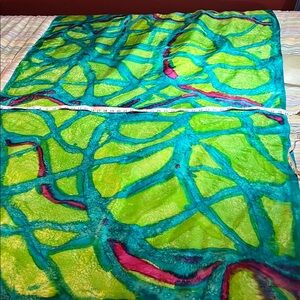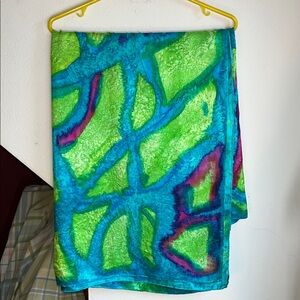 Bright green and blue scarf with abstract patterns. Hand rolled hems. Perfect for adding a pop of color.
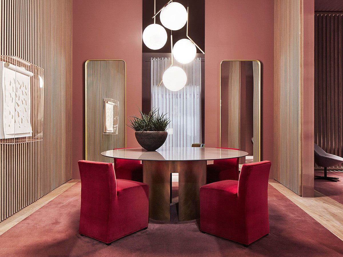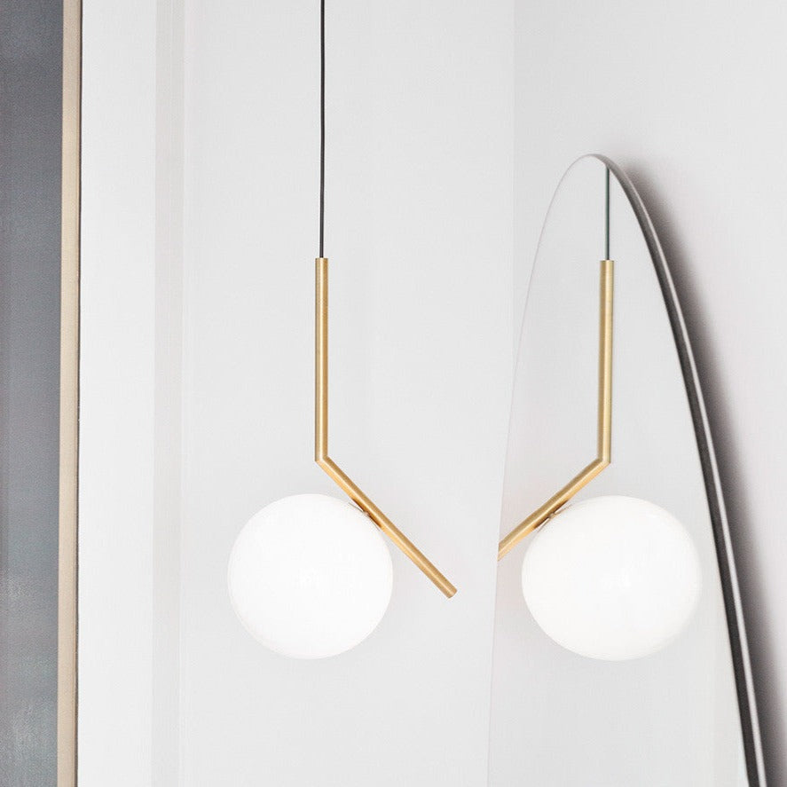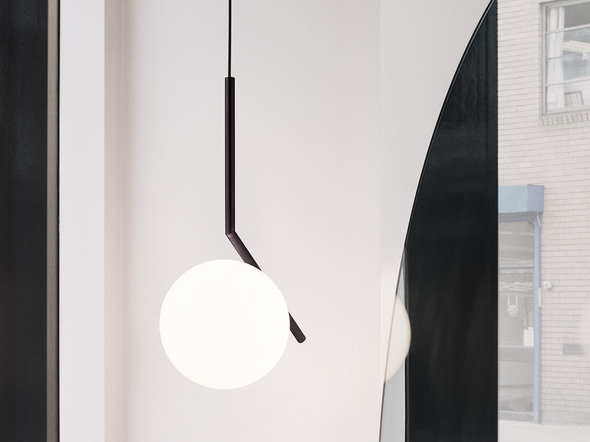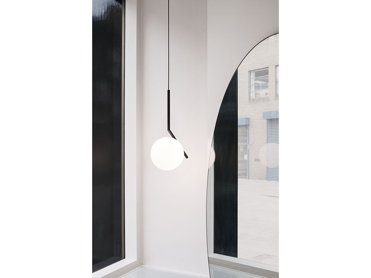 乳白色のガラスの球形が細い棒の上を転がるように配置された「IC Lights」。マイケル・アナスタシアデスがコンタクトジャグリングの名手トニー・ダンカンのショートフィルムにインスピレーションを受けデザインされました。ネーミングの「IC」は、英国入国管理局が用いる移民を分類する識別コードから名付けられたもの。斜面を離れて転がらない球形のように絶妙なバランスを保ったデザインは、アナスタシアデス自身の外国人としての固有なバランスやアイデンティティの不安定な平衡を表現しています。
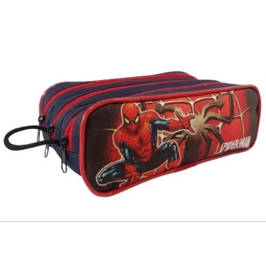 Estojo escolar 3 divisões Homem aranha azul marinho
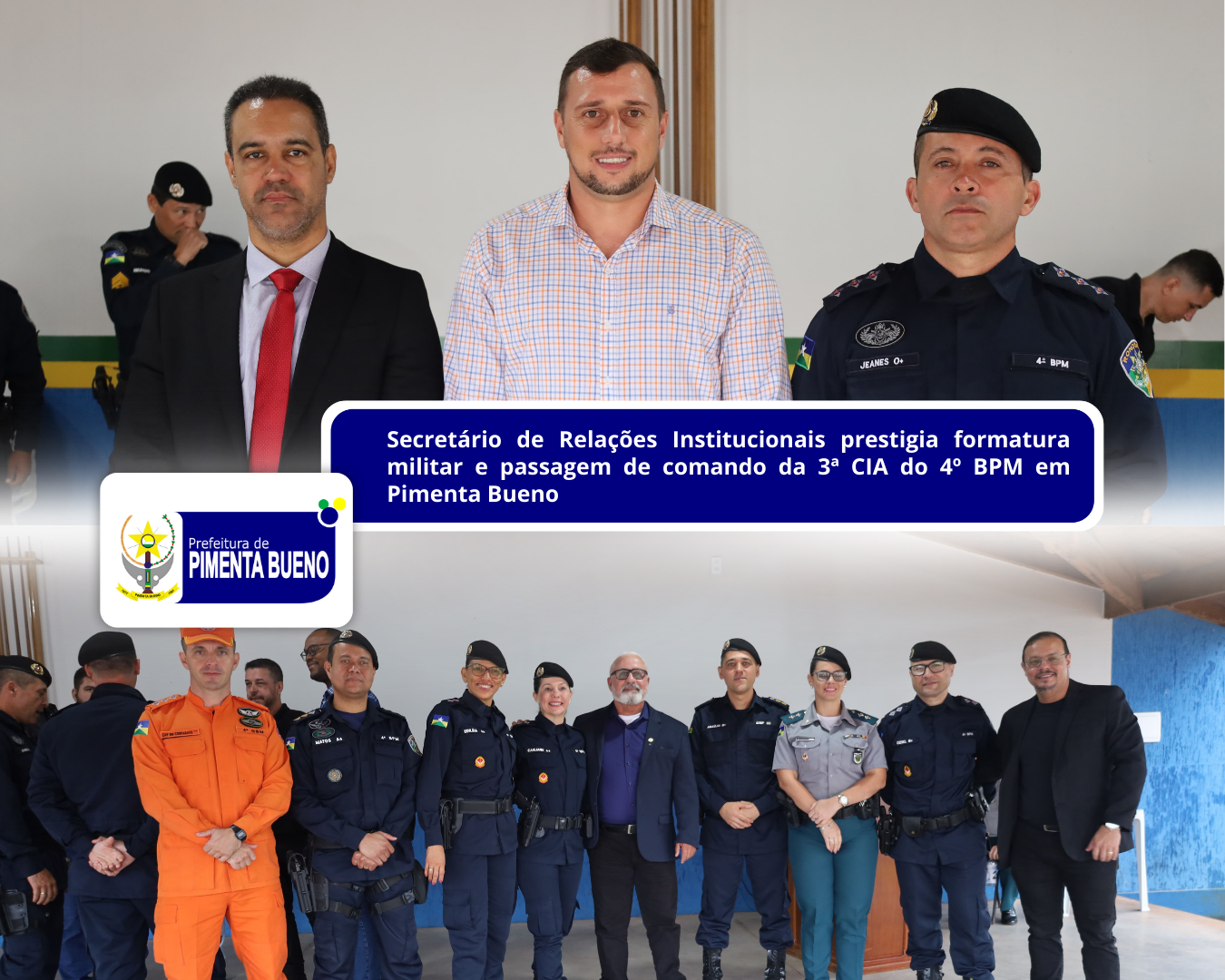 O Secretário de Relações Institucionais, Cássio Ribeiro, representou a Prefeita Prof. Marcilene Rodrigues na cerimônia de formatura militar e passagem de comando da 3ª Companhia da Polícia Militar do 4º Batalhão de Polícia Militar (BPM), em Pimenta Bueno. O evento, realizado nesta sexta-feira, reuniu autoridades civis e militares, além de familiares e membros da comunidade, em um momento solene de reconhecimento ao trabalho desempenhado pela corporação.
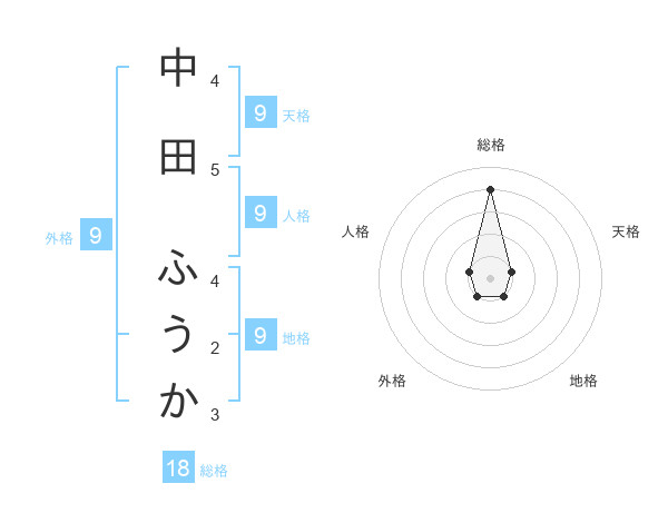 中田 ふうかさんの総格は18画の4点
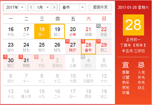 一、放假時(shí)間安排:2017年1月24日(星期二)至2017年2月3日(星期五)放假,共11天,2月4日(星期六)正常上班;
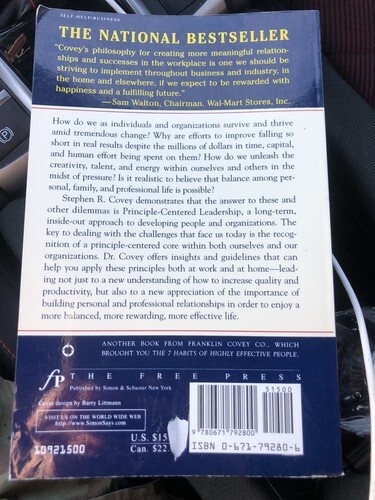 Principle-Centered Leadership - paperback, 0671792806, Stephen R Covey.
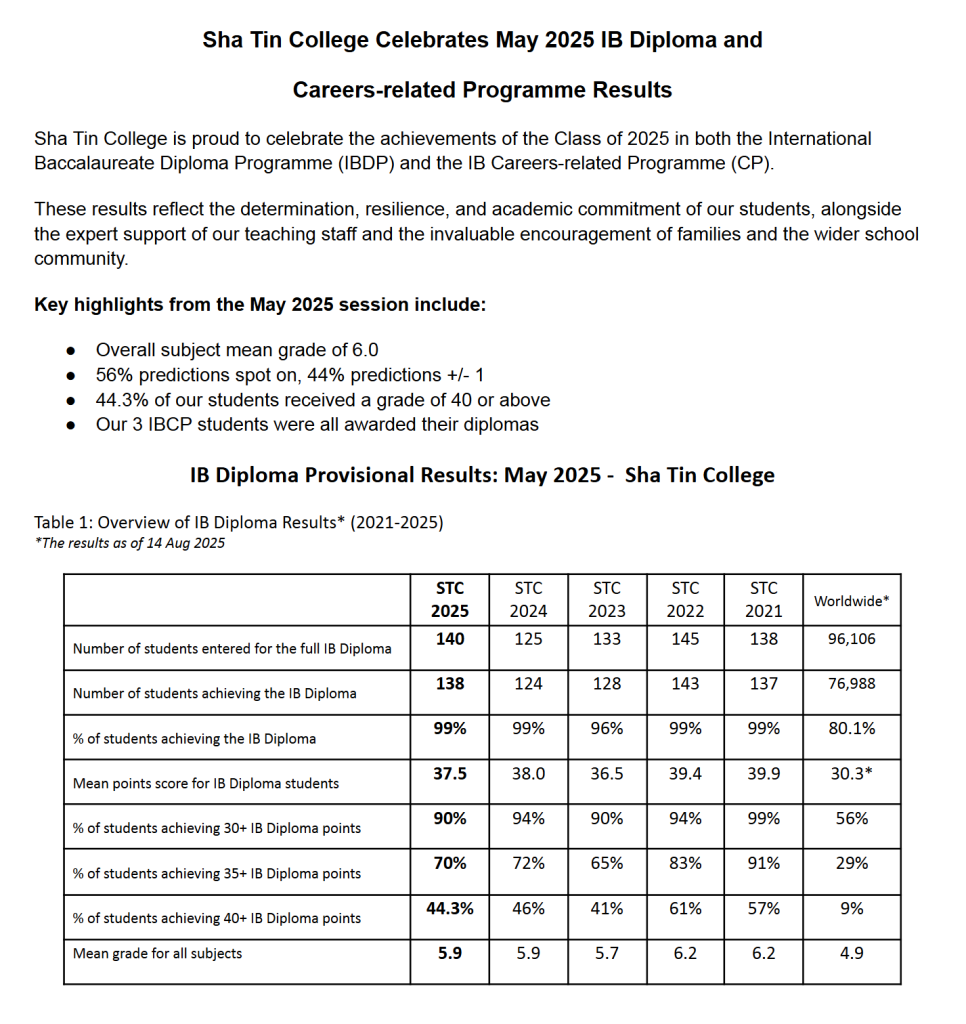 2025年IB均分为37.2分,在英基的7所分校中位居第二,仅次于西岛中学的37.3分,在全港国际学校中位居第11名。
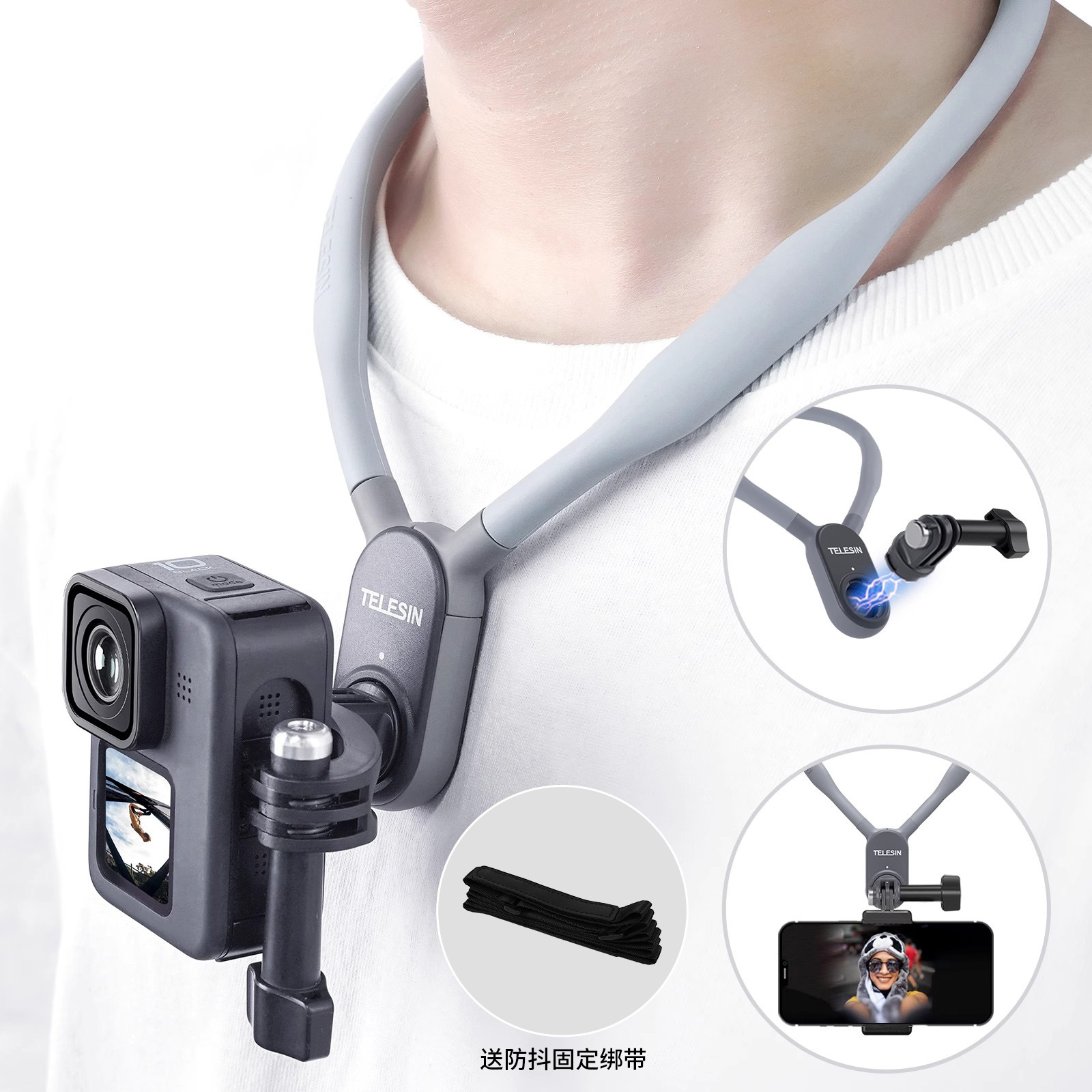 • 자석 걸이형 목 브래킷 + 중앙 수직 촬영 + 휴대폰 클립(휴대폰 카메라에 사용 가능)(흔들림 방지 스트랩 포함)
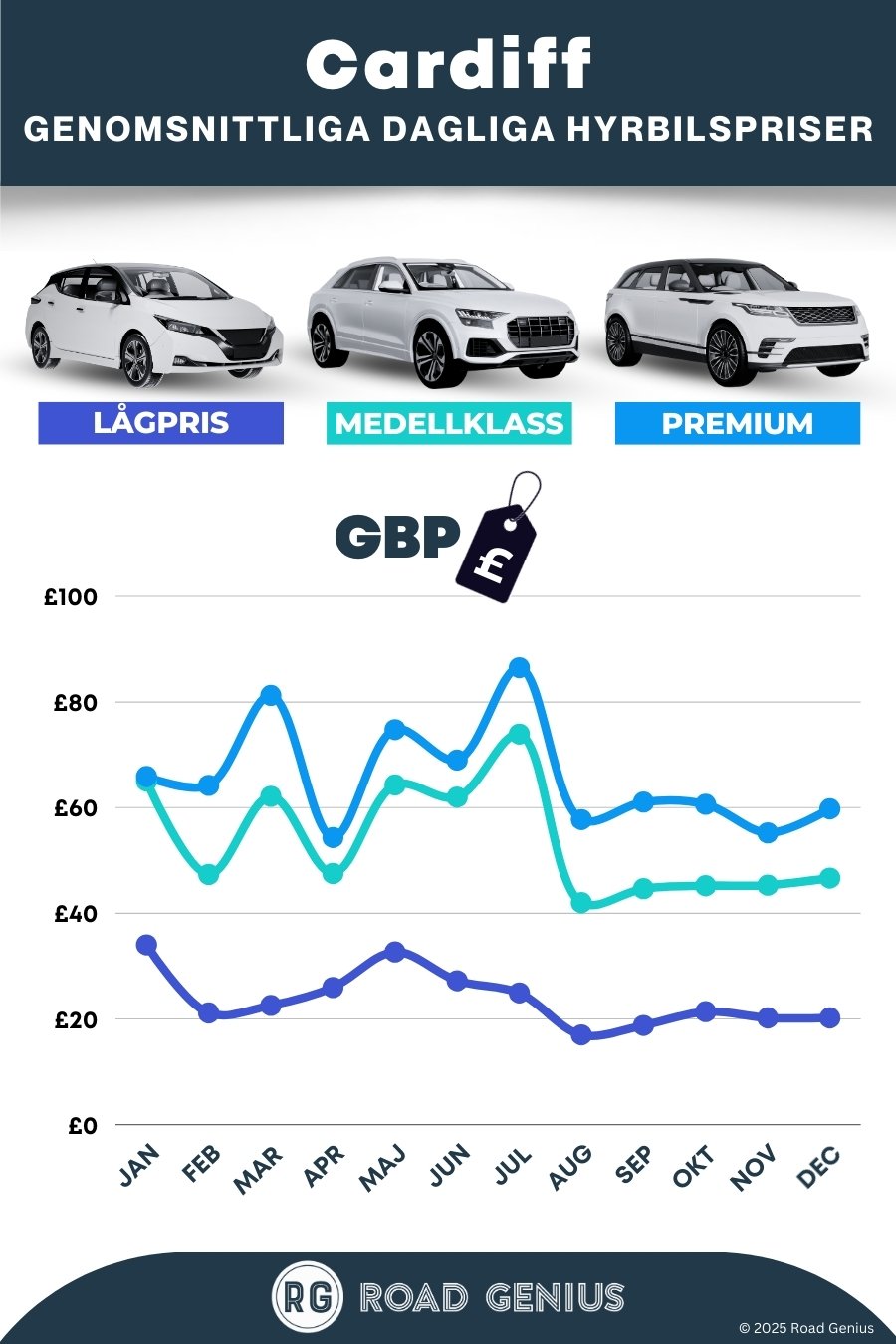 I genomsnitt kostar en bilhyra i Cardiff cirka €48 per dag, med de billigaste alternativen från €17 per dag.
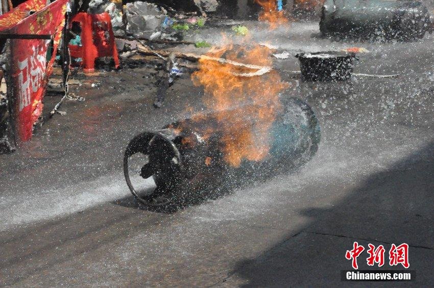 消防官兵赶到现场后发现两个燃气罐已经被引燃。
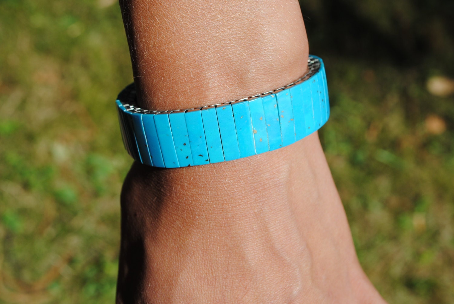 Turquoise extensible bracelet stretch turquoise bracelet vintage turquoise bracelet Very well made.
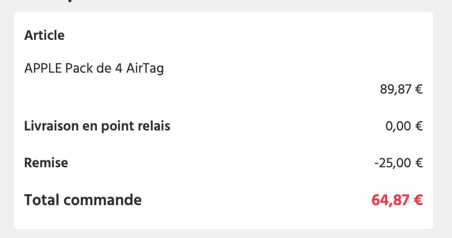 Les codes ne se limitent pas aux écouteurs. Cdiscount est déjà bien placé sur les AirTags, mais avec ces deux réductions, le pack de quatre passe à un peu moins de 65 €. C’est tout simplement inédit.
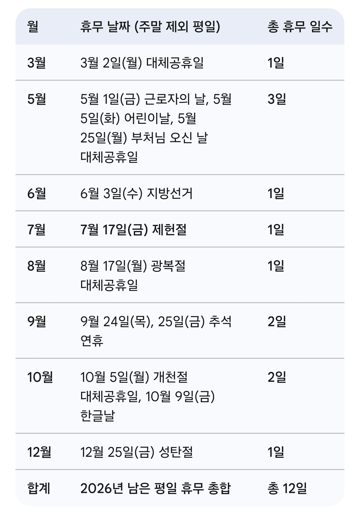 근로자의 날 포함 평일 휴일 총 12일...
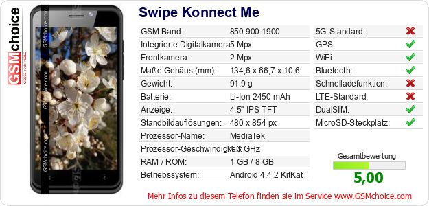 Hast du eigene Webseite? Willst du die Informationen über Standarddaten des Handys Swipe Konnect Me irgendwo veröffentlichen? Das ist sehr einfach. Du kannst das Bild herunterladen oder kopieren und auf der Webseite folgenden Code hinzufügen:Das Einfügen von diesem Code verursacht das Anzeigen von dem folgenden Bild:

**TASK INSTRUCTIONS:** Please repeat the lines of the material above exactly, starting with the line that contains "消防官兵赶到现场后发现两个燃气罐已经被引燃。" and ending with the line that contains "Turquoise extensible bracelet". Leave the pictures out.

**EXERCISE OUTPUT:**
 消防官兵赶到现场后发现两个燃气罐已经被引燃。
 Turquoise extensible bracelet stretch turquoise bracelet vintage turquoise bracelet Very well made.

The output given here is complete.